Wednesday, March 28, 2007

Why do prostitutes have pimps?

That is a serious question.

no, seriously. Think about that, why? What do they get out of the arrangement? I mean... aren't pros kind of like free agents. Don't they go out and drum up their own business? and they give a pimp money? why? for what? what are they paying for? drugs? your finding people buy your snatch, you can't find your own illegal substances? I'm just asking.

On to Tourettes. I told you she broke the good-Christian. but in a way, she may have gotten a bit of a break to. She liked him. He, like all good guys who try to be good to you, sheds and interesting light on the ways we lack. He brings center spotlight to her problems with substances and rages... which is why socially you never know what you are going to get. From the span of time I first blogged her to date... she has decided she wants to be a better person, for her. Which is admirable and hard. So I am there for my friend. and being a good friend means containing the crazy. (not that she is the only one that has it... i did call people names for no good reason). onward.

They do not speak verbally anymore. They text, email, and myspace. She is obsessive over every interaction. We did the lakes last night (4.2 miles) and the ENTIRE time is me listening to her about him. and she wants my advice. Like i am in a position to give advice? She says Bama came back (and keeps coming back) so that means I did something right. NO. Bama has nothing to do with me, and success and failure is measure by how you feel... not whether some schmuck-head feels the need to pitch.

But she is legitimately upset. I want to be a good friend. She is very angry with men, and it is humbling for her to realize that all of her issues with them and all of the anger is not because they are inherently bad men. So I humbly sit next to my friend and tell her she has 3 options. 1) get in touch with him and talk to him. have him talk to her. 2) keep it as it is. or .... 3) let it go. delete email, drop myspace, erase # and move on.

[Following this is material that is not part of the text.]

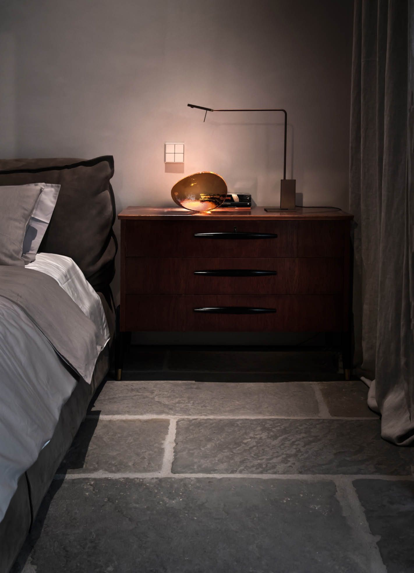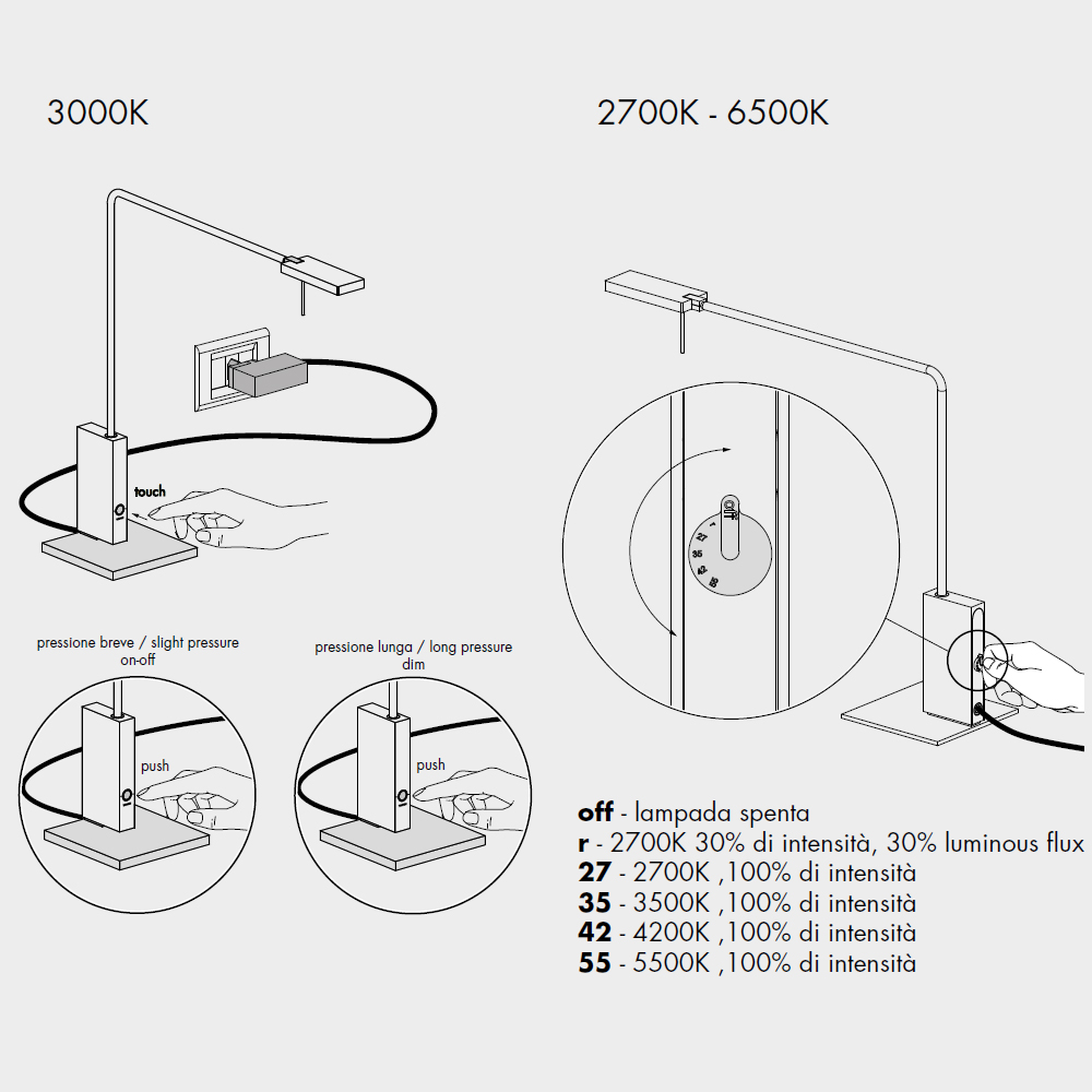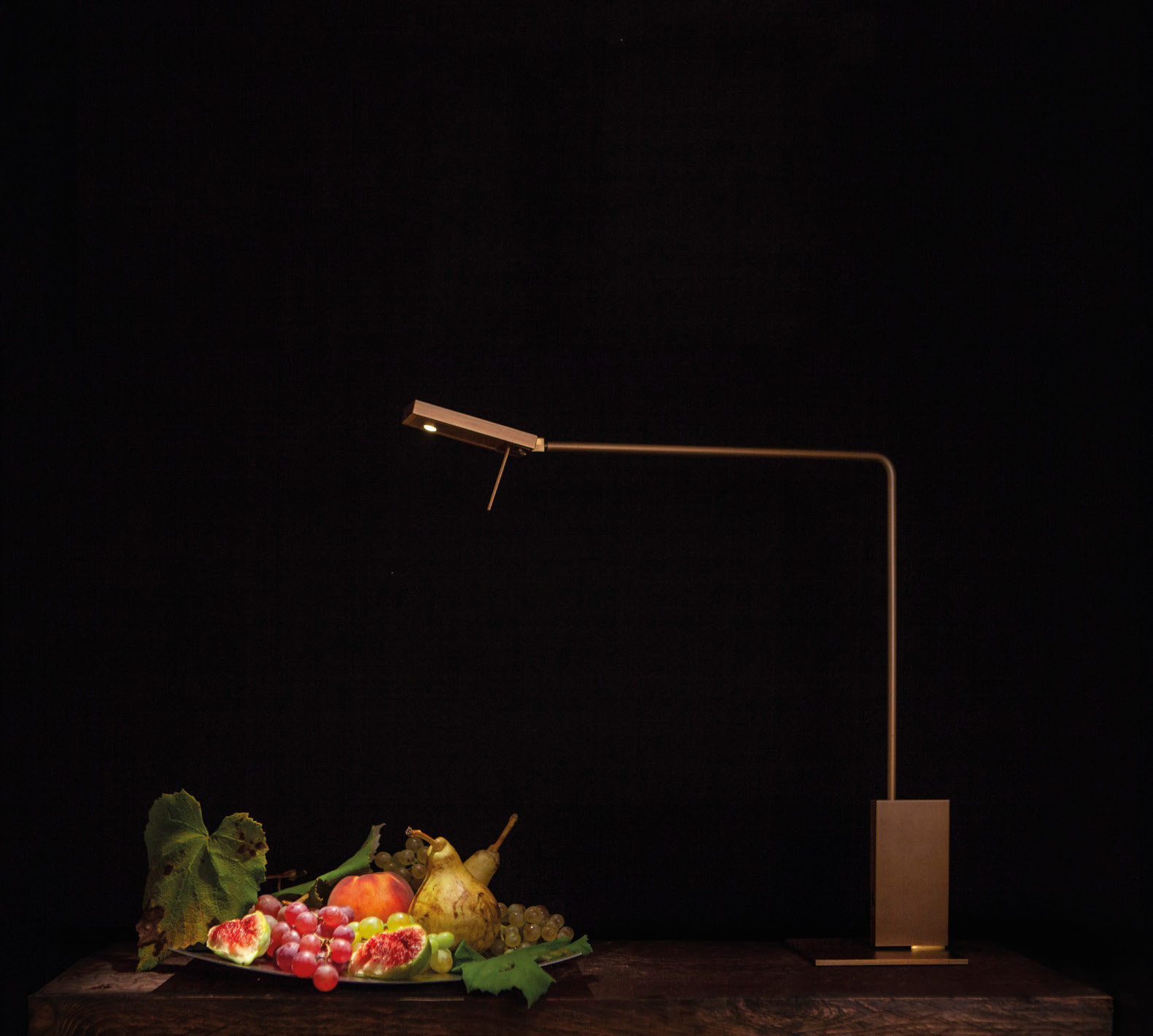 Настольный светильник Viabizzuno Roy copper bronze из металла медного цвета. Рассеиватель регулируется на 270° по горизонтальной оси и на 180° по вертикальной оси, а сама структура на 180° по вертикальной оси. Доступны два типа рассеивателя: diffusa с рассеянным светом и spot с акцентным узким лучом (15 градусов). Лампа может быть с изменяемой температурой свечения. Тогда на основании лампы расположен механический регулятор, с помощью которого меняется температура от 2700K до 6500K. У версии с неизменяемой температурой света (3000K) на основании выключатель с возможностью диммирования.

She asks which one I recommend. I say I don't. I secretly want to nudge her to 1. but I want her to get there.

She says 2 is not an option because she is becoming obsessive and miserable. and 3 is not because she is not ready. But 1 is also not because it's hard and HOW can she do that?! (it is hard. not that I do it, but JEEZ)

Last night she chose 2.

This morning she texts me with 1. Later say text "I CAN'T"

I say: Yes u can. If he says no, u haven't lost anything and at least u will know. u r awesome and ur growing as a person! that is wonderful!

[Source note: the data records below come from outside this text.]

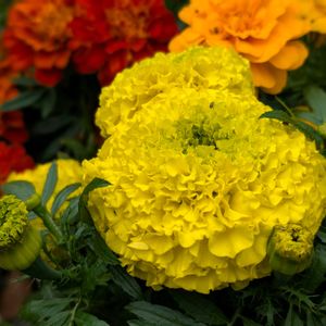 寄せ植え アフリカンマリーゴールド×2 マリーゴールド×1 銅葉のダリア×1 ロベリア×2
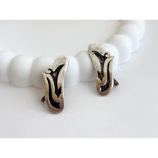 The earrings have a screw back enclosure. Not marked 925 but tested positive by chemical testing. Still worthy of being loved and cared for as a part of your personal collection. Southwest style with a modernist style.
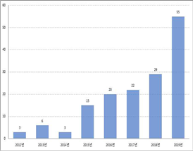 ● 2020년 11월 16일, 특허청((KIPO)은 최근 8년 동안(2012~2019) 롤러블 터치스크린에 관한 특허 출원 통계를 발표함
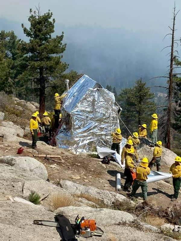 ABD’nin Kaliforniya eyaletindeki Tulare ilçesinde yer alan Sekoya Ulusal Parkı’ndaki yangınların giderek büyümesi üzerine itfaiye ekiplerinden, yangına alüminyum folyolu müdahale geldi.

I feel the need to pass the accolade because what would I do without people like Bunny who hold up my world. and know that I need reoccurring v-mails, especially when I don't feel like such an awesome person.

But this isn't about me. I'll let you know what happens. However, let me preface this with I have seen Bama-like tendencies w/ good Christian. Which is fitting because Bama is also Good Christian, except for the abstinence and tee tottering.